## What needs to be done
Once you find the line with "和往届一样,田径依旧是我州最" in the entries below, return exactly every line from it through the line with "Bershka cropped padded".

## Provided records

###

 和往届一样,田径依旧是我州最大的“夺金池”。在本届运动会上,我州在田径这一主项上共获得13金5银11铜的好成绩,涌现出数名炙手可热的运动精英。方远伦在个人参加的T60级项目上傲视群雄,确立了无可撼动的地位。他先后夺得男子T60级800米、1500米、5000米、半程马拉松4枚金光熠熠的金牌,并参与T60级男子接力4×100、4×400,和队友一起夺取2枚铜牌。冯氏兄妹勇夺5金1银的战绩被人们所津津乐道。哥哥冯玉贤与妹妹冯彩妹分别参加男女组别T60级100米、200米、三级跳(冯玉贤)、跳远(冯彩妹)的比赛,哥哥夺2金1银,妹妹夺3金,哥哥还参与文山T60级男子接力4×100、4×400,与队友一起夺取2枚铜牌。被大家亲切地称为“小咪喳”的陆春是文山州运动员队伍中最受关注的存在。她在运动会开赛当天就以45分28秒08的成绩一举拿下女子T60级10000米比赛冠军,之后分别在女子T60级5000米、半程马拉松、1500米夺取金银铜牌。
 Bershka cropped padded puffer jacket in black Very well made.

###

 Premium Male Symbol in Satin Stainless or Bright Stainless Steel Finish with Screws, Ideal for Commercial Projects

###

## Solution to the exercise
 和往届一样,田径依旧是我州最大的“夺金池”。在本届运动会上,我州在田径这一主项上共获得13金5银11铜的好成绩,涌现出数名炙手可热的运动精英。方远伦在个人参加的T60级项目上傲视群雄,确立了无可撼动的地位。他先后夺得男子T60级800米、1500米、5000米、半程马拉松4枚金光熠熠的金牌,并参与T60级男子接力4×100、4×400,和队友一起夺取2枚铜牌。冯氏兄妹勇夺5金1银的战绩被人们所津津乐道。哥哥冯玉贤与妹妹冯彩妹分别参加男女组别T60级100米、200米、三级跳(冯玉贤)、跳远(冯彩妹)的比赛,哥哥夺2金1银,妹妹夺3金,哥哥还参与文山T60级男子接力4×100、4×400,与队友一起夺取2枚铜牌。被大家亲切地称为“小咪喳”的陆春是文山州运动员队伍中最受关注的存在。她在运动会开赛当天就以45分28秒08的成绩一举拿下女子T60级10000米比赛冠军,之后分别在女子T60级5000米、半程马拉松、1500米夺取金银铜牌。
 Bershka cropped padded puffer jacket in black Very well made.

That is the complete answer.